(Collected data)
_ _ _ _ _ _ _
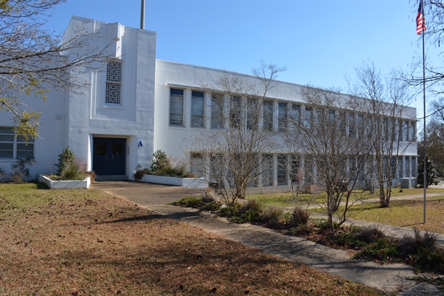 Built in 1941 and designed by Jackson architect N.W. Overstreet, this two-story asymmetrically massed Art Moderne building is one of the the most architecturally significant in Choctaw County. Although contemporary newspaper accounts describe the building as “monolithic concrete,” a 1955 survey of Choctaw County schools describes it as having a steel and concrete structure finished with stucco. The smooth finish creates a planar surface, and curved corners on the library end of the building give a sense of movement valued in the Moderne style. A two-and-a-half-story vertical tower topped by a flagpole marks the main entrance and has a metal grille or brise soleil on the second story. The library is to the left of the entrance behind a mostly blank wall, while to the right, a circular window—Overstreet’s trademark—introduces the long classroom wing, its horizontality emphasized by the two levels of shallow concrete canopies over the windows that wrap to the south elevation. The interior floorplan is intact—a T-shaped hallway plan with double-loaded classrooms on the long wing—has had finishes altered and ceilings dropped for ductwork, but boarded transoms remain.
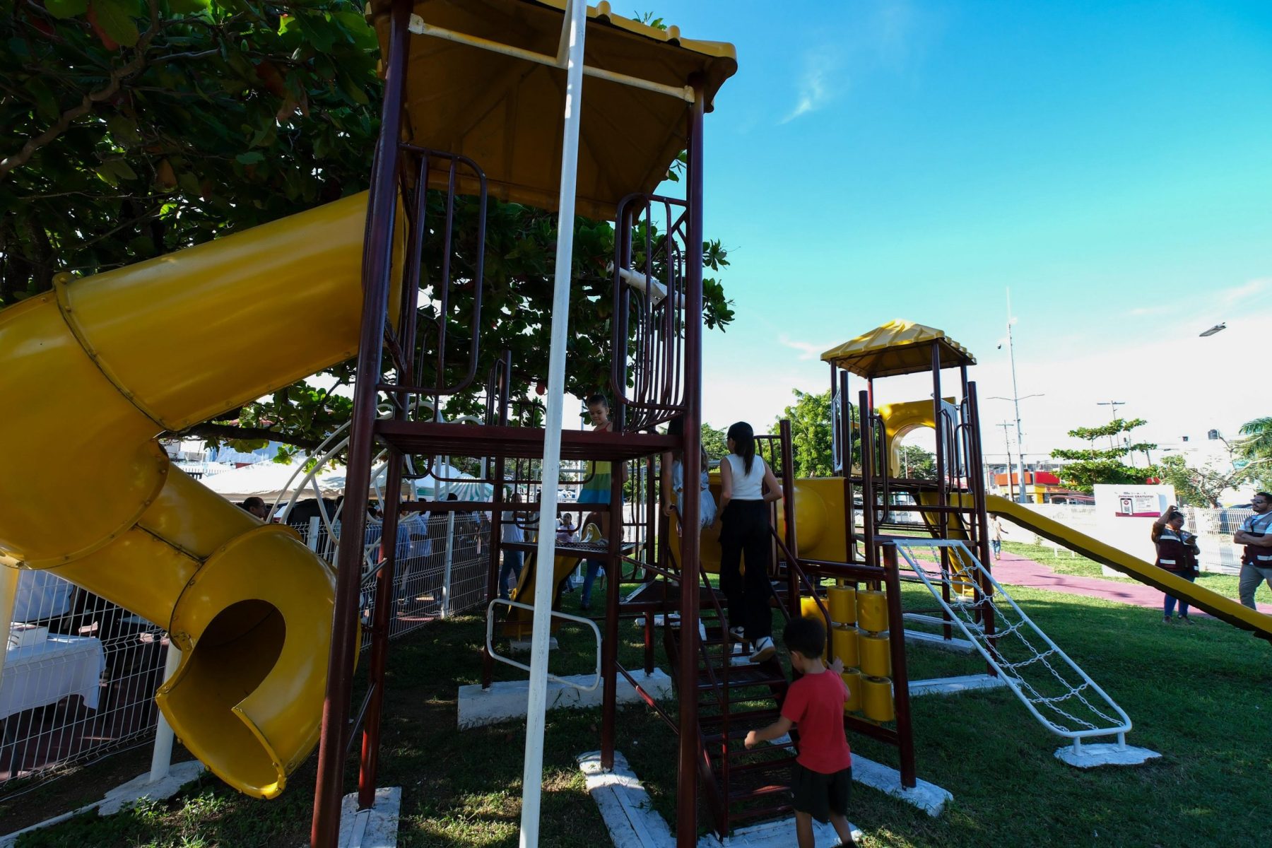 “Hacemos que estos espacios vuelvan a brillar para que las niñas, los niños, los adolescentes, las mamás, puedan tener un lugar seguro para la convivencia familiar, la construcción de comunidad y generar armonía social”, expresó la titular del Ejecutivo.
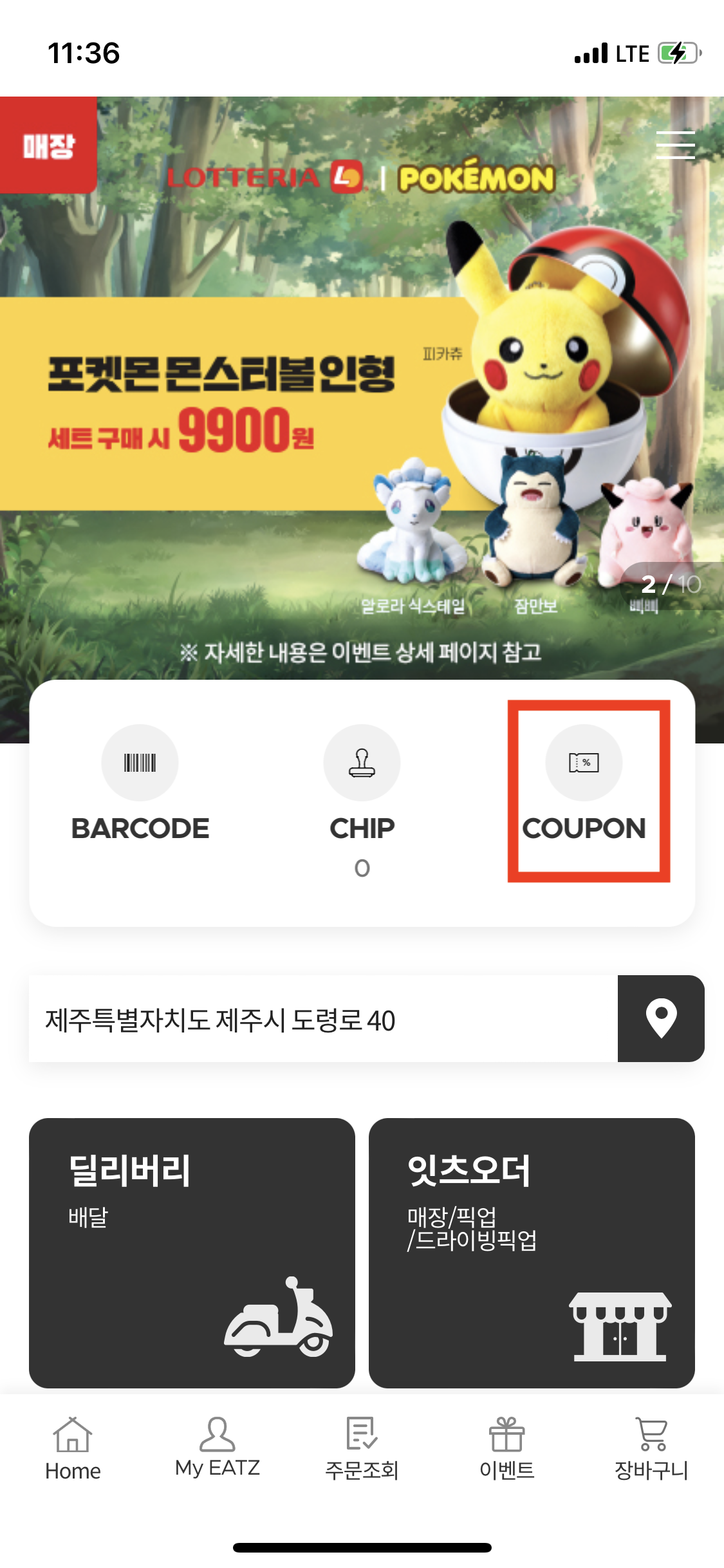 먼저 롯데이츠앱을 다운로드하신 후, 아래 첫 번째 사진처럼 [COUPON]을 클릭해주세요.
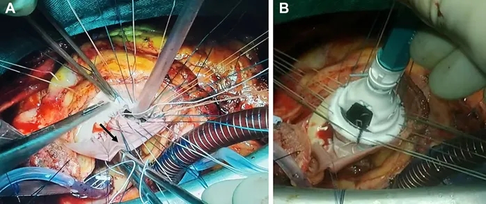图注:(A)Y型切口延伸至双侧纤维三角,以牛心包补片扩大瓣环至22mm(箭头所示)。(B)随后植入20mm机械主动脉瓣
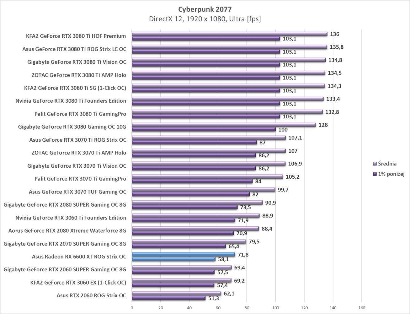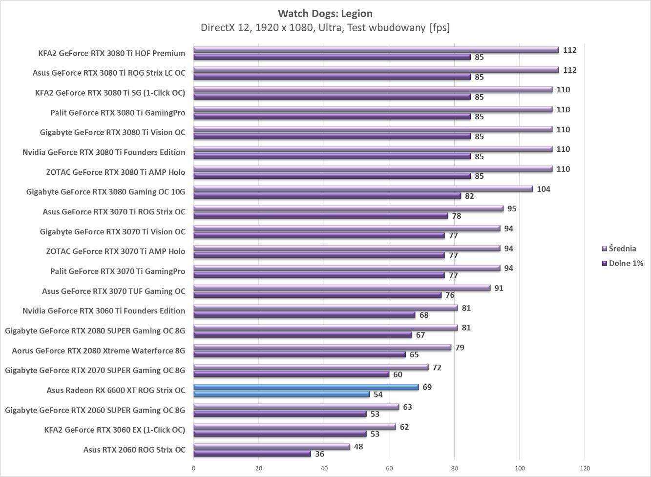 Testy Asus Radeon RX 6600 XT ROG Strix OC w rozdzielczości 1920 x 1080
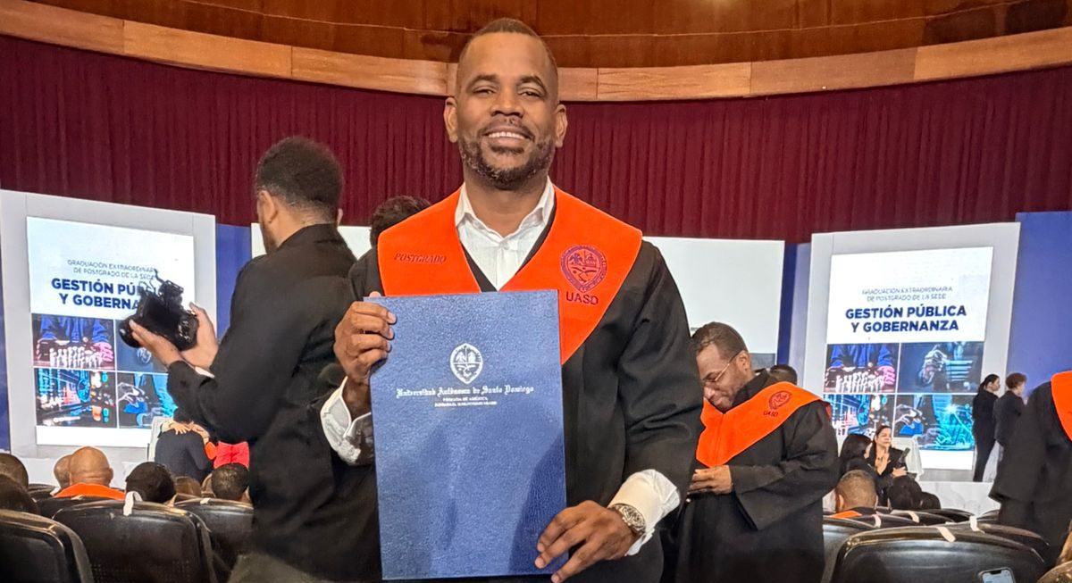 SANTO DOMINGO.– El periodista y abogado Daurin Muñoz, mejor conocido como «Sueldo Cebolla», se graduó de master en Gestión Pública y Gobernanza mención Innovación y Transformación Digital, en la universidad Autónoma de Santo Domingo (UASD), en una ceremonia encabezada por el presidente Luis Abinader.
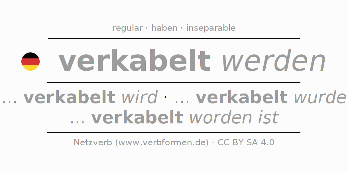 - Futuro I: ... ich verkabelt werden werde, ... du verkabelt werden werdest, ... er verkabelt werden werde, ... wir verkabelt werden werden, ... ihr verkabelt werden werdet, ... sie verkabelt werden werden
_ _ _ _ _ _ _
*What the task requires*. All of the data gets printed again exactly; the pictures do not.

*Result below*.
 Built in 1941 and designed by Jackson architect N.W. Overstreet, this two-story asymmetrically massed Art Moderne building is one of the the most architecturally significant in Choctaw County. Although contemporary newspaper accounts describe the building as “monolithic concrete,” a 1955 survey of Choctaw County schools describes it as having a steel and concrete structure finished with stucco. The smooth finish creates a planar surface, and curved corners on the library end of the building give a sense of movement valued in the Moderne style. A two-and-a-half-story vertical tower topped by a flagpole marks the main entrance and has a metal grille or brise soleil on the second story. The library is to the left of the entrance behind a mostly blank wall, while to the right, a circular window—Overstreet’s trademark—introduces the long classroom wing, its horizontality emphasized by the two levels of shallow concrete canopies over the windows that wrap to the south elevation. The interior floorplan is intact—a T-shaped hallway plan with double-loaded classrooms on the long wing—has had finishes altered and ceilings dropped for ductwork, but boarded transoms remain.
 “Hacemos que estos espacios vuelvan a brillar para que las niñas, los niños, los adolescentes, las mamás, puedan tener un lugar seguro para la convivencia familiar, la construcción de comunidad y generar armonía social”, expresó la titular del Ejecutivo.
 먼저 롯데이츠앱을 다운로드하신 후, 아래 첫 번째 사진처럼 [COUPON]을 클릭해주세요.
图注:(A)Y型切口延伸至双侧纤维三角,以牛心包补片扩大瓣环至22mm(箭头所示)。(B)随后植入20mm机械主动脉瓣
 Testy Asus Radeon RX 6600 XT ROG Strix OC w rozdzielczości 1920 x 1080
 SANTO DOMINGO.– El periodista y abogado Daurin Muñoz, mejor conocido como «Sueldo Cebolla», se graduó de master en Gestión Pública y Gobernanza mención Innovación y Transformación Digital, en la universidad Autónoma de Santo Domingo (UASD), en una ceremonia encabezada por el presidente Luis Abinader.
 - Futuro I: ... ich verkabelt werden werde, ... du verkabelt werden werdest, ... er verkabelt werden werde, ... wir verkabelt werden werden, ... ihr verkabelt werden werdet, ... sie verkabelt werden werden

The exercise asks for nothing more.